ДУСЯ. Если мы с вами едим гречку — нам надо познать закон пирамид, поскольку гречка имеет пирамидальную структуру. И хотя наши мозги не включились, мы уже этими пирамидами пропитываемся! Если хотите понять Россию — ешьте огурцы, а если хотите понять Индию — пейте молоко. Когда мы едим банан, мы “переизлучаем” Африку. Вы не принесли огурцов, мы же в России.

МИЛКА. Там, во втором пакете, слабосоленые. С прошлого года еще осталось.

ПЕТРОВИЧ. Значит, это снова к Любе? Давно его не было…

РАДИК. Ага, последний раз он по зиме был, вот живот-то и нарос. За дитем, видать, прилетел.

СОКОЛОВА. Что вы молчите, Виктор Кузьмич, вы верите во всю чушь эту?

МИЛКА. Идите к столу, готово все.

Все молча рассаживаются вокруг стола. Радик разливает водку в одноразовые стаканы. Виктор Петрович взял стакан, молча выпил.
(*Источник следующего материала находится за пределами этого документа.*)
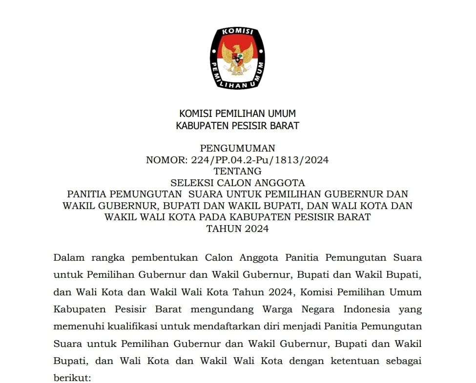 Berikut disampaikan Pengumuman Nomor : 224/PP.04.2-Pu/1813/2024 Tentang Seleksi Calon Anggota Panitia Pemungutan Suara Untuk Pemilihan Gubernur dan Wakil Gubernur, Bupati dan Wakil Bupati, dan Walikota dan Wakil Walikota dan Wakil Walikota Pada Kabupaten Pesisir Barat Tahun 2024.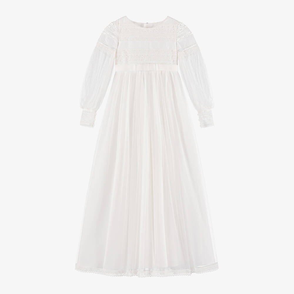 Girls Ivory Embroidered Tulle Dress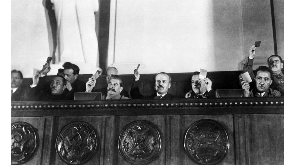 Прошло двенадцать лет, и накануне Большого террора появилась куда более демократичная конституция. «Систему выборов надо менять не только в смысле уничтожения ее многостепенности. Ее надо менять еще и в смысле замены открытого голосования закрытым (тайным) голосованием». Кто написал такие прекрасные слова? Товарищ Сталин, отец народа. Кто написал основной текст конституции, в которой провозглашалось введение всеобщего, равного и прямого избирательного права при тайном голосовании и гарантировались все важнейшие свободы — совести, слова, печати, собраний — и даже неприкосновенность личности? — Бухарин, который будет арестован в феврале 1937 года, через неполных три месяца после принятия прекрасной конституции. Кто обсуждал и вносил поправки в конституцию? Да весь советский народ — 75 миллионов участвовали в обсуждениях, было опубликовано полтора миллиона поправок. Тот самый народ, который в это время гнали по этапу, избивали в камерах, гноили в лагерях. Те, кто стоял по ночам у окна, прислушиваясь к шуму колес на улице и вздыхая с облегчением: Пронесло. Сегодня не за мной.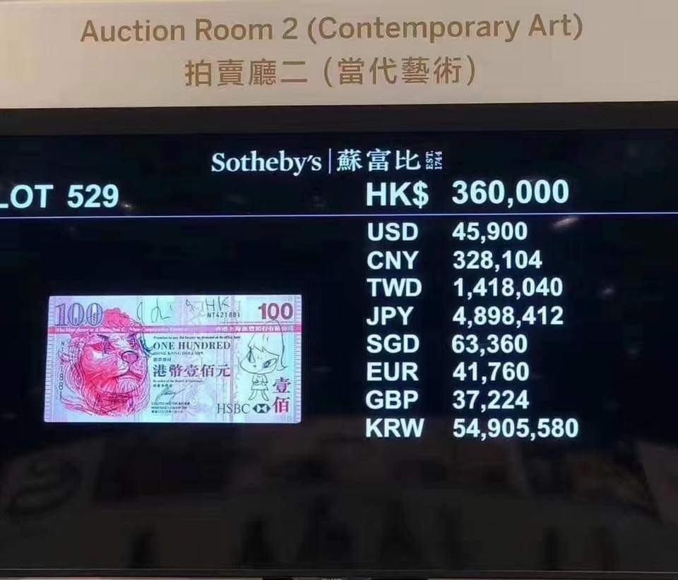 2019年10月09日日本當代藝術家奈良美智的名聲響亮,他的作品近日也交給著名拍賣行蘇富比在香港進行秋季拍賣,結果現場的亮點讓網友都驚嘆不已!其中一個拍賣品就是有奈良美智手繪圖案的100元香港紙鈔,拍賣出的價格竟然翻了4500倍!

РАДИК. Повторить? (Виктор Кузьмич кивает.) Это мы с радостью. Пейте, ешьте на здоровье, гости дорогие.

ДУСЯ. Вы заедайте, пожалуйста, мне еще много чего важного сказать вам есть…

ПЕТРОВИЧ (встает). Уважаемые гости, я, как временно исполняющий обязанности председателя, приветствую вас. Хорошо, что приехали. Я думаю, сегодняшний день мы проживем не зря и привнесем друг в друга много нового и полезного.

РАДИК. Хорошо сказал, Петрович. Прям как ночью, в обращении.

Все пьют, молча едят. Соколова выпила, смотрит на всех, тихо смеется. Все громче и громче, смех превращается в истерику.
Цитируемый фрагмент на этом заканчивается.